چكيده به لاتين
The Arvand River is a tidal river located on the border between Iran and Iraq, discharging into the Persian Gulf downstream. Its main water sources are the Tigris, Euphrates, Karun, and Karkheh rivers. In recent years, the salinity of the river has increased due to the reduction in upstream inflow, leading to a higher intrusion of salty seawater from the Persian Gulf. The decrease in the quantity and quality of water poses a threat to the region's water resources and challenges economic, commercial, and other activities in the area.
The aim of this thesis is to examine the effects of various factors on salinity levels and to predict water salinity. For this purpose, data from four stations—Karun, North Arvand, Intersection of the rivers, and South Arvand—were modeled using the MLP neural network, neuro-fuzzy system (ANFIS), and M5P and M5Rules tree models under five different scenarios. The results obtained from each scenario were evaluated separately by station and model.

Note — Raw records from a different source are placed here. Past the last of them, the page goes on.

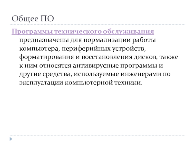 Общее ПОПрограммы технического обслуживания предназначены для нормализации работы компьютера, периферийных устройств, форматирования и восстановления дисков, также к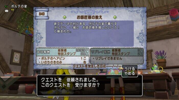 新エテーネの村のポルテの家のポルテから「お師匠様の教え」のクエストを受注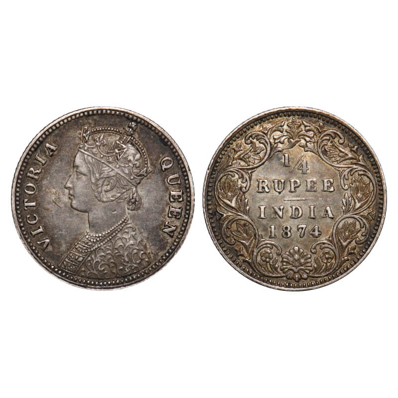 | Victoria Queen, Silver, 1/4 Rupee, 1874, Calcutta Mint, A/I, No mint mark, No 'C'. F. Prid 379. GK 665. Extremely Fine, Details. Very Scarce. |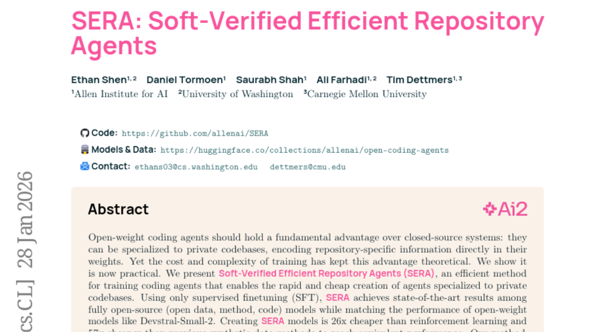 – The authors developed SERA using Soft Verified Generation (SVG), a method that generates thousands of trajectories from a single code repository, making it significantly cheaper and efficient compared to reinforcement learning and previous synthetic data methods.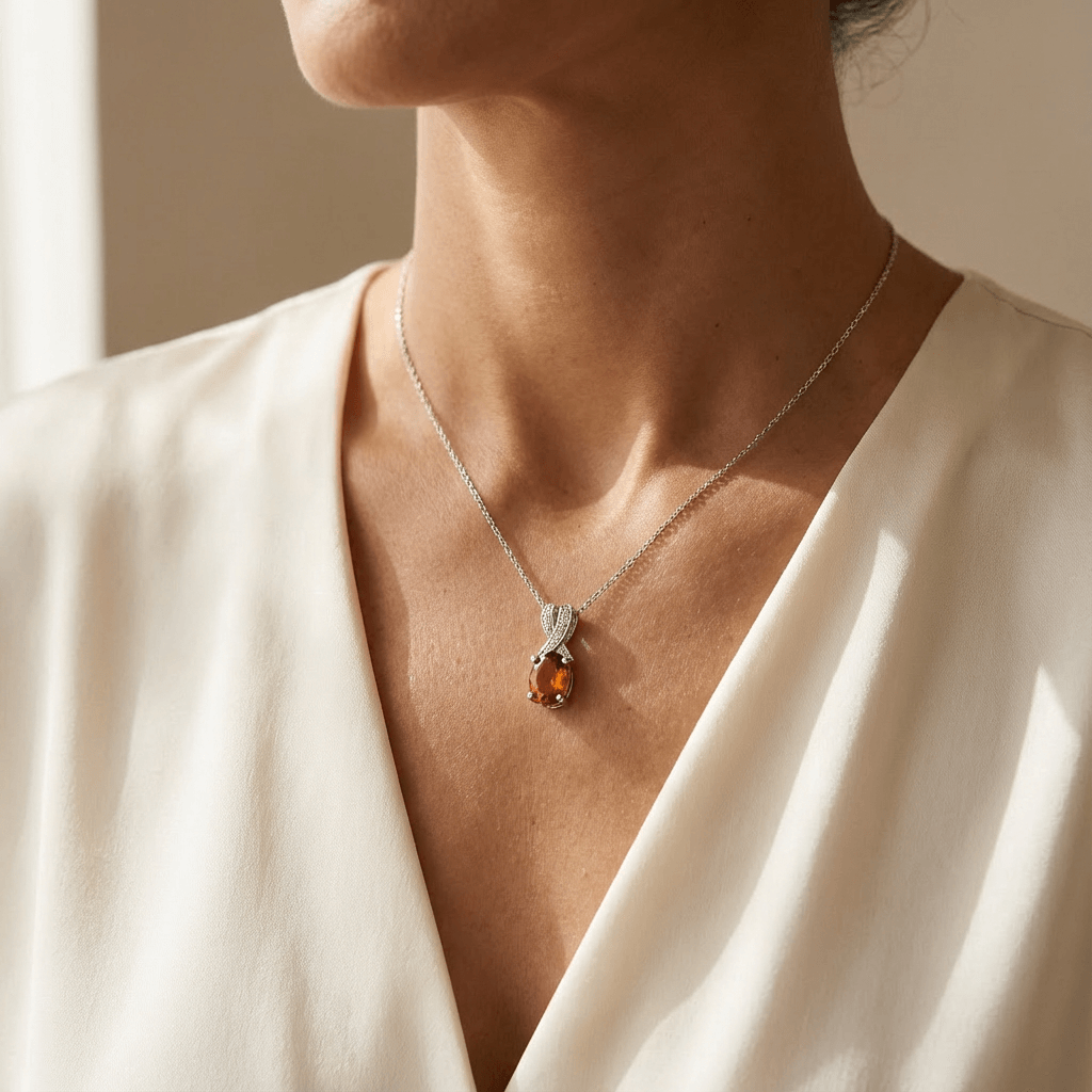 תליון גרנט מנדרין "קשר אינסוף" | גרנט 3.97ct | זהב לבן 18K

In the first scenario, which serves as the baseline for the research, the input parameters for the model are flow velocity, water depth, and temperature, while the output parameter is salinity. In the second, third, and fourth scenarios, the standard deviation of temperature, salinity from the previous step, and both of these parameters were added as input parameters to the model, respectively. In the fifth scenario, by merging data from all four stations into a single data file, the primary scenarios one to four were implemented as secondary scenarios one to four.
In a summary of the results, the average RMSE values up to two decimal places for the MLP model in scenarios one to five were 0.07, 0.06, 0.04, 0.03, and 0.09, respectively. The average RMSE values for the M5P model were 0.05, 0.06, 0.04, 0.03, and 0.08, while for the M5Rules model, they were 0.05, 0.05, 0.04, 0.03, and 0.07. Overall, the results indicate that the models responded better in the fourth to first primary and secondary scenarios, respectively. Additionally, the M5Rules tree model performed the best, followed by the M5P and MLP models. The ANFIS model, in contrast to the other models, had the poorest performance and was deemed unsuitable for this study. The results indicated that at upstream, velocity has the greatest impact on salinity levels, while at downstream, the effects of water depth on salinity become predominant.